We have an ELT process that we have broken down into multiple stages.

  1. Stage 1 - build staging tables (about 25 or so tables) - Extract from source and Load into staging
  2. Stage 2 - build final tables (about 12 tables) - Transform data from staging and load into Final
  3. Stage 3 - run multiple (over 100 rules - across the 12 final tables) business rule validations
  4. Stage 4 - create enterprise specific delimited file (not csv) from the 12 final tables

Now each one of these stages were created as multiple notebooks. Some of these notebooks have a dependency on some other notebook having run first. To test these individual stages, we built a driver notebook that orchestrates the running of the child notebooks in the correct order. So far so good.

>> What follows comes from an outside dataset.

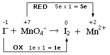 si scrivono i numeri di ossidazione e si individuano le semireazioni di ossidazione e di riduzione. Si calcola il numero di elettroni persi ed acquistati, come variazione del valore dei numeri di ossidazione (Δnox), moltiplicato per il numero di atomi (indice) dell'elemento che reagisce. Nell'esempio il Manganese diminuisce il suo nox (riduzione) da +7 a +2, con una variazione di 5 elettroni, mentre lo Iodio passa da -1 a 0 (ossidazione) con una variazione di 1 elettrone

Now we are trying to bring these 4 stages into a single workflow. Initially, we were trying to repeat the orchestration by running one driver notebook at a time (set the dependency for the 2nd stage driver notebook to the 1st, the 3rd notebook to the 2nd and so on). This works but the workflow takes long time to run. We tried to parallelize some of the notebooks by changing the dependency to only the ones that matter, but we ran into issues with concurrency errors (even though no 2 notebooks write to the same table; we are still researching this).

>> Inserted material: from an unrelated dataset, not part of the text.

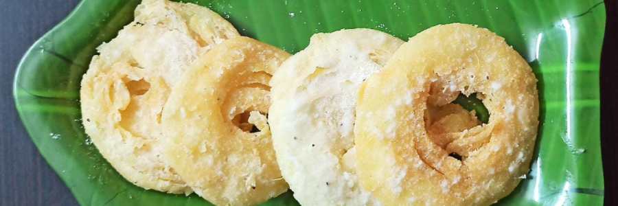 ಕರ್ನಾಟಕದ ಅತ್ಯಂತ ಸಾಂಪ್ರದಾಯಕವಾದ, ರುಚಿಕರವಾದ ಚಿರೋಟಿಯನ್ನು ಮನೆಯಲ್ಲಿಯೇ ಸಾಂಪ್ರದಾಯಕವಾಗಿ ತಯಾರಿಸುವ ವಿಧಾನವನ್ನು ನಮ್ಮ ಅನ್ನಪೂರ್ಣಾ ಮಾಲಿಕೆಯ ಮೂಲಕ ತಿಳಿದು ಕೊಳ್ಳೋಣ. ಸುಮಾರು 10-12 ಚಿರೋಟಿಗಳನ್ನು ಮಾಡಲು ಬೇಕಾಗುವಂತಹ ಸಾಮಗ್ರಿಗಳು • ಚಿರೋಟಿ ರವೆ – 1 ಬಟ್ಟಲು • ಅಕ್ಕಿ ಹಿಟ್ಟು – 1/2 ಬಟ್ಟಲು • ಸಕ್ಕರೆ ಪುಡಿ – 1 ಬಟ್ಟಲು • ತುಪ್ಪ – 2-3 ಚಮಚ ಚಿರೋಟಿ ಮಾಡುವ ವಿಧಾನ : ಮೊದಲನೇ ಹಂತ ಹಿಟ್ಟನ್ನು ಸಿದ್ದ ಮಾಡಿಕೊಳ್ಳುವ ವಿಧಾನ •… Read More ಚಿರೋಟಿ

As a second attempt, we created a new workflow - daisy chaining the 4 individual workflow jobs that each do 1 stage. But doing this, it appears like each job when it starts tries to spin up its own compute job cluster.

Example:

Task1 (Notebook to set some parameters) ==> Task2 (Run Job1) ==> Task3 (Run Job2) ==> Task4 (Run Job3) ==> Task5 (Run Job4) ==> Task6(Notebook to provide notifications as well as updates)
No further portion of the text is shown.